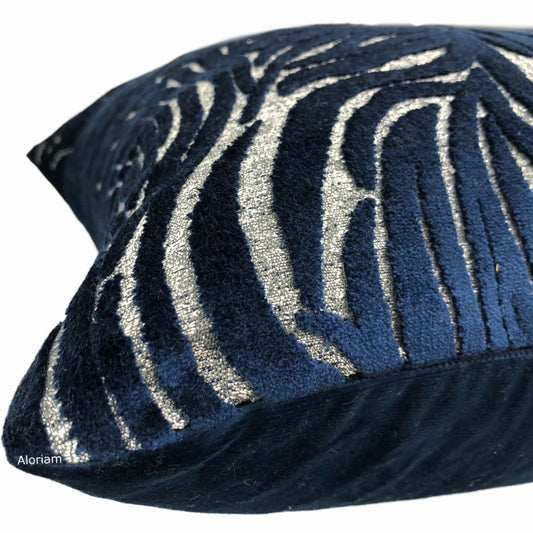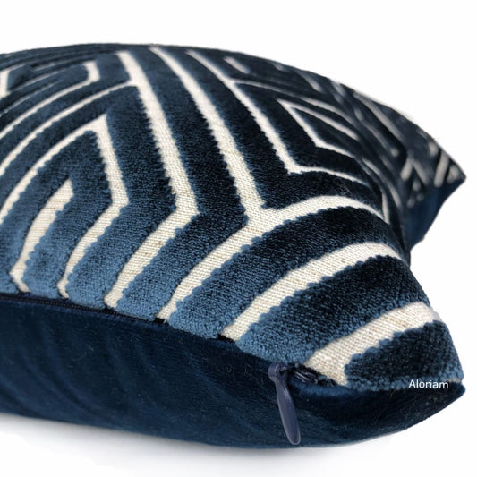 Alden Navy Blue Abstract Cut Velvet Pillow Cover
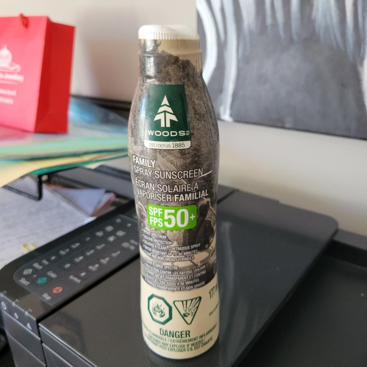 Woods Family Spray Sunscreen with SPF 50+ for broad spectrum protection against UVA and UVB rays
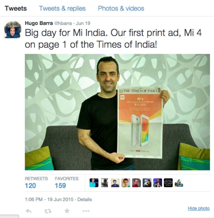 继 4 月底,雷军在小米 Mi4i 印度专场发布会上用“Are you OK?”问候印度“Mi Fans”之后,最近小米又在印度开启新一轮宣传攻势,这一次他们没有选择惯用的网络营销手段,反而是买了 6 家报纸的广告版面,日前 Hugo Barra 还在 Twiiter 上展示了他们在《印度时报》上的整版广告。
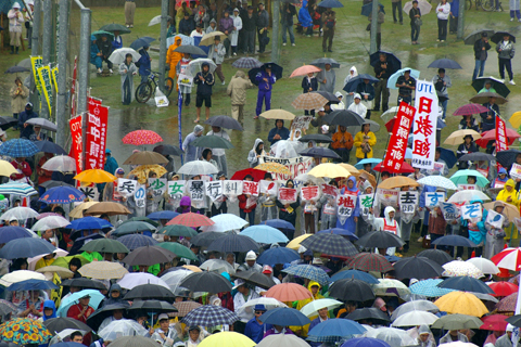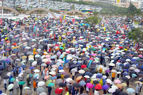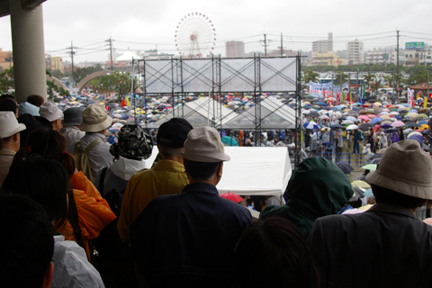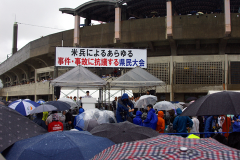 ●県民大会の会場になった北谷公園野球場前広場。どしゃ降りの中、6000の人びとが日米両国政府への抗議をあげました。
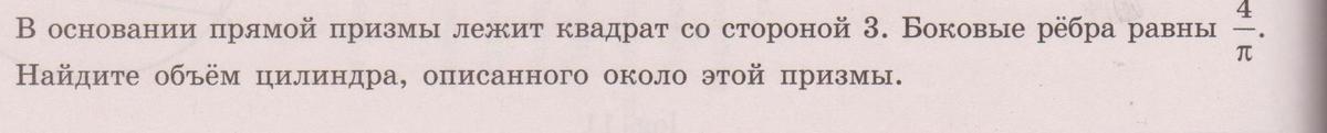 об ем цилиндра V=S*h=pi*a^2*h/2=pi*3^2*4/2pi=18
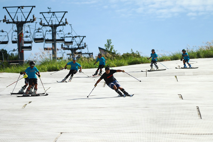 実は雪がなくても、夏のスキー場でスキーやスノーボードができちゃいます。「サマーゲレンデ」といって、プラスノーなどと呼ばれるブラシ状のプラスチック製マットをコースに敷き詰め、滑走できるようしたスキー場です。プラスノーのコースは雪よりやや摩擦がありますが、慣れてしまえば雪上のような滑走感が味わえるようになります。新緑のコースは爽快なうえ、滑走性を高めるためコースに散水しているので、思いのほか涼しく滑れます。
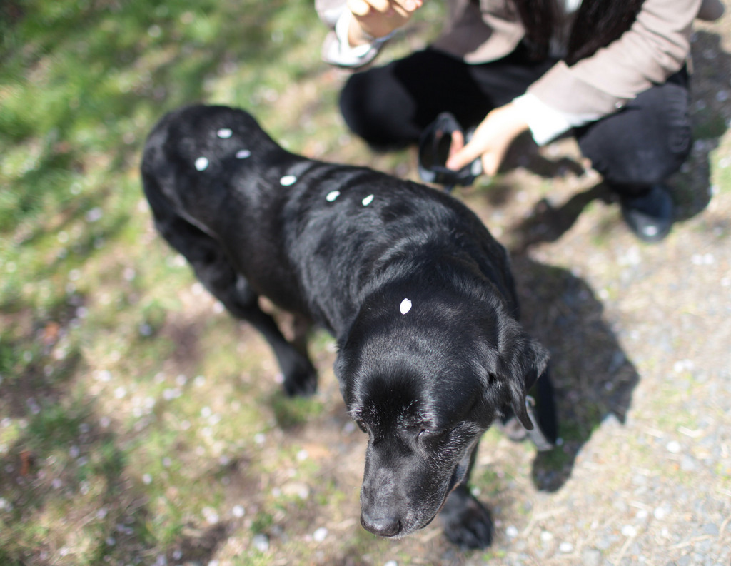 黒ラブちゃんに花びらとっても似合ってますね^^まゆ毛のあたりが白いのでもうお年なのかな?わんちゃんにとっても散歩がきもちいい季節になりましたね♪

> [Work instruction]:
The reply needs to repeat exactly the line containing "実は雪がなくても、夏のスキー" and each line after it, through the final line of the entries above, and to skip the pictures.

> [Result]:
 実は雪がなくても、夏のスキー場でスキーやスノーボードができちゃいます。「サマーゲレンデ」といって、プラスノーなどと呼ばれるブラシ状のプラスチック製マットをコースに敷き詰め、滑走できるようしたスキー場です。プラスノーのコースは雪よりやや摩擦がありますが、慣れてしまえば雪上のような滑走感が味わえるようになります。新緑のコースは爽快なうえ、滑走性を高めるためコースに散水しているので、思いのほか涼しく滑れます。
 黒ラブちゃんに花びらとっても似合ってますね^^まゆ毛のあたりが白いのでもうお年なのかな?わんちゃんにとっても散歩がきもちいい季節になりましたね♪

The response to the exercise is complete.